Una vereda: algo raro en Indonesia, donde la gente va en moto a
cualquier lugar que quede a más de cincuenta metros. En el camino
veíamos restaurantes de western food, warungs (puestos de comida local), ofrendas pisoteadas, resorts all inclusive, villas con cuartos en alquiler, templos entre medio de las casas y estatuas cubiertas con sarongs
cuadriculados. Íbamos esquivando motos, vendedores y perros. Al llegar a
la playa nos sacábamos las ojotas y la arena nos quemaba los pies. El
mar estaba más caliente que el aire. Los días de marea baja, el agua se
llenaba de plásticos y papeles que se me enganchaban en las piernas y me
hacían pensar, por unos segundos, que un pez me había tocado. Yo me
quedaba nadando una media hora y salía, me acostaba en la arena y lo
esperaba a L mientras bajaba el sol. Vimos el atardecer 10 días seguidos
y nunca dejó de impresionarme el color rosa del cielo y la consistencia
firme de las nubes. Aparecieron barcos-barriletes y los dibujé
mentalmente mientras comía arroz con tofu en un paquetito armado con
papel madera.
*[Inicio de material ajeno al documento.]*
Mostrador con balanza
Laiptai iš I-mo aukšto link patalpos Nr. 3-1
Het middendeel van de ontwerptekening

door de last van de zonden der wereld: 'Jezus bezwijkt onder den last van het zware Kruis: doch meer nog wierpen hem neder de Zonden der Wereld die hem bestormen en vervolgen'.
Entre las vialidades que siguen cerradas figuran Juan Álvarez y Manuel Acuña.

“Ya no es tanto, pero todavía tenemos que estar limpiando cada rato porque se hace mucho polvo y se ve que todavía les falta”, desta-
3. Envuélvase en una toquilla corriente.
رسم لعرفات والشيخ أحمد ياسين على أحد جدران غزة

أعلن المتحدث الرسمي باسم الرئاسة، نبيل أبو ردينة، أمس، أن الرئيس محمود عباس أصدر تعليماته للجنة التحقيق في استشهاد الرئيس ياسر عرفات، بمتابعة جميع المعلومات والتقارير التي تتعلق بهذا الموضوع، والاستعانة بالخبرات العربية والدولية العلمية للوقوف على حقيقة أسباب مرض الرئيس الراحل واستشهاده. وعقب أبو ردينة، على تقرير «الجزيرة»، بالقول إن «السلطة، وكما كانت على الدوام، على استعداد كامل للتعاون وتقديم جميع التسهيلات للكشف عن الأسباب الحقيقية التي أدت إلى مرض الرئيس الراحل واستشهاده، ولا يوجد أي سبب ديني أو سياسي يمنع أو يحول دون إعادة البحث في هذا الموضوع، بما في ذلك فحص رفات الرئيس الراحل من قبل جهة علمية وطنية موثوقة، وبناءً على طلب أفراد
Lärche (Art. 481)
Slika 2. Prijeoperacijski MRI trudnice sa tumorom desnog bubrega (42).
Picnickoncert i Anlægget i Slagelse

Fueron días de andar sin teléfono, de leer revistas en la
playa y quedarnos dormidos sobre la arena mientras se hacía de noche y
sentíamos las pisadas de la gente que llegaba para ir a alguno de los
bares de la costa.
Festejamos año nuevo caminando sin rumbo por las calles de Seminyak hasta las 2 de la mañana.
Vimos grupos de extranjeros bailando canciones de Katy Perry en la
calle frente a algún bar y le dije a L, con tono de documental: “Aquí
podemos observar las tradiciones típicas de la isla de Bali”. Contamos la cantidad de veces que alguien nos dijo “yes, motorbike?” y al número 30 nos cansamos.
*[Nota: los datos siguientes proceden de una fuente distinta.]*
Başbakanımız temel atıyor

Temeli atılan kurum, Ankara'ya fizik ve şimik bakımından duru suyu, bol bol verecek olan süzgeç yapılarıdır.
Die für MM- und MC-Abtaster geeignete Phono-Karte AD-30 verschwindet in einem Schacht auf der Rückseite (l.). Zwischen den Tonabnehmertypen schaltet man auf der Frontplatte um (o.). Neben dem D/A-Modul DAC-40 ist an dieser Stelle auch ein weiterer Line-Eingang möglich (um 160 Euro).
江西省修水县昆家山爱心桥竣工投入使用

El primero de enero fue domingo y la playa estaba llena de vendedores
ambulantes de cornetas con forma de dragón y de familias reunidas frente
al agua. Hubo fuegos artificiales durante el día y música electrónica
desde temprano. L me contó que en las discotecas de St. Tropez hay gente
que compra botellas de champagne de 10.000 euros y el mozo las trae en
una bandeja con velas-bengala mientras el dj corta la música y pone una
canción especial. Nos divertimos imitando ese momento. Me metí al mar
con ropa porque me sentí muy observada, había mujeres nadando con el
velo. Vi cómo un nene le pegaba arena en la cola a su mamá mientras ella
hablaba con una amiga. Vi el mar sin olas. Esa noche volvimos
caminando, frenamos a comprar comida y el dueño de un restaurante me
regaló un vaso de jugo de sandía mientras esperaba mi nasi campur. Sentí que empezaba a reconciliarme con Bali, que ya no le pedía tanto y, a cambio de eso, la isla me daba más.